Et comment mieux marquer l’affinité de la jouissance substitutive et du signifiant qu’en disant,
comme il le fait, que les organes corporels – les organes corporels et les membres – acquièrent
une signification sexuelle : eine sexuelle Bedeutung. C’est cette expression de Bedeutung – avec
le mot allemand – que Lacan avait, comme vous le savez, mise en évidence, à propos du phallus,
en traitant de « Die Bedeutung des Phallus », conforment à la lettre de Freud. Avec un clin
d’œil, qu’il a essayé plus tard, à l’endroit du logicien Frege qui faisait la différence entre Sinn et
Bedeutung. Je crois que la Bedeutung du titre de Lacan est en fait très directement freudienne et
ne s’insère que difficilement dans la conceptualité fregéenne.

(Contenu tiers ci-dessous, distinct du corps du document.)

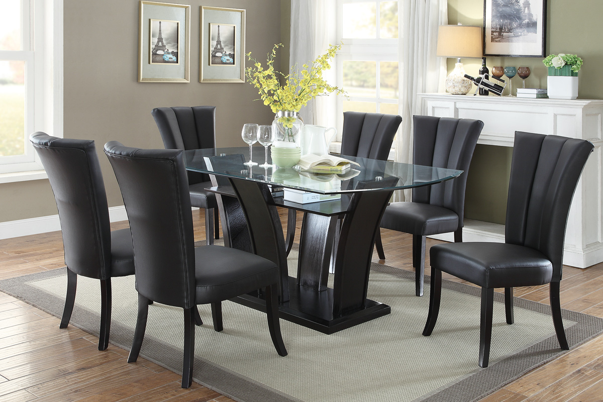 Black Painted Glass & Leatherette Chairs Dining Set

Donc, du point de vue de la jouissance, la différence entre la perversion et l’hystérie n’est pas
essentielle. Dans la perversion, la substitution joue en direct, elle se montre en plein et elle est
consciente : le sujet sait ce qu’il recherche, l’action qu’il lui faut, l’objet dont il a besoin pour
jouir. Alors que dans l’hystérie, pour retrouver la fonction de signification sexuelle, il faut en
passer par le détour de l’interprétation du symptôme : c’est inconscient. Mais, à cette différence
près du conscient et de l’inconscient, nous avons, dans les deux cas, affaire à la jouissance
substitutive.
Cette conception, cette conception de la substitution de jouissance, de la jouissance substitutive,
anime toute la théorie freudienne de l’évolution de la libido. Quand il met en valeur les zones
érogènes, les objets correspondants, l’objet oral ou l’objet anal, les zones érogènes avec le plaisir
d’organe qu’elles comportent, qu’elles permettent, lorsqu’il détaille les pulsions partielles, c’est
toujours dans le cadre de la jouissance substitutive.

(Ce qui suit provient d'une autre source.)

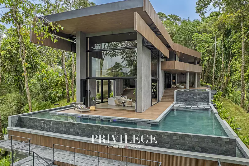 À quelques minutes de Dominical, avant d'atteindre la célèbre queue de baleine d'Uvita, cette villa d'architecte est idéalement située dans le prestigieux secteur d'Escaleras. Nichée au cœur de la jungle et offrant une vue à couper le souffle sur l'océan, cette résidence allie parfaitement luxe et nature. Actuellement en cours de finition, elle sera prête à accueillir ses futurs propriétaires dans quelques semaines.
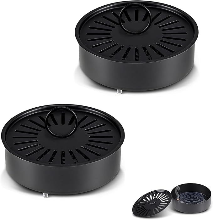 【商品情報】:蚊取り線香ホルダーサイズ:15cm 15cm 5.5cm(大きいサイズ、市販のほぼ全ての蚊取り線香サイズに適合)、材質:炭素鋼、色:黒、包装内容:蚊取り線香ホルダー 1個(蓋付き)。

L’évolution de la libido témoigne quil faut en passer d’abord par la jouissance substitutive avant
d’arriver à celle qui ne le serait plus. Alors, c’est quoi ?
Il y a, chez Freud, un étalon de la substitution. Il y a, chez Freud, une référence originaire de la
jouissance. Mais, manque de bol, si je puis dire, c’est une référence tardive dans ce qu’il appelle
l’évolution de la libido. Sa référence, la référence par rapport à laquelle il mesure les
substitutions, c’est la sexualité dans sa fonction reproductive, c’est la sexualité procréative, le
coït ordinaire, si je puis dire (rires) – ah ! vous riez parce qu’évidemment vous considérez que le
coït est toujours extraordinaire (rires), ce n’est pas faux – c’est-à-dire, sa référence c’est la
sexualité en tant qu’elle obéit au programme biologique. Et c’est par rapport à cela qu’il ne voit,
dans l’histoire de la libido, que jouissance substitutive. Si on lit Freud convenablement on
s’aperçoit que la jouissance est toujours substitutive – sauf lorsqu’elle se conforme au
programme biologique.
Freud est conduit à supposer, dans l’évolution de la libido, un tournant, comme il s’exprime,
toutes les pulsions partielles viennent se subordonner au primat des organes génitaux, viennent se
soumettre à la fonction de la procréation. Les pulsions partielles arrêtent de gambader, de cueillir
la succion, le regard – comme l’a ajouté Lacan – la voix, et elles se concentrent sur la sexualité
procréative.
Autrement dit – comment le dire plus simplement que ça ? – pour Freud, le rapport sexuel existe.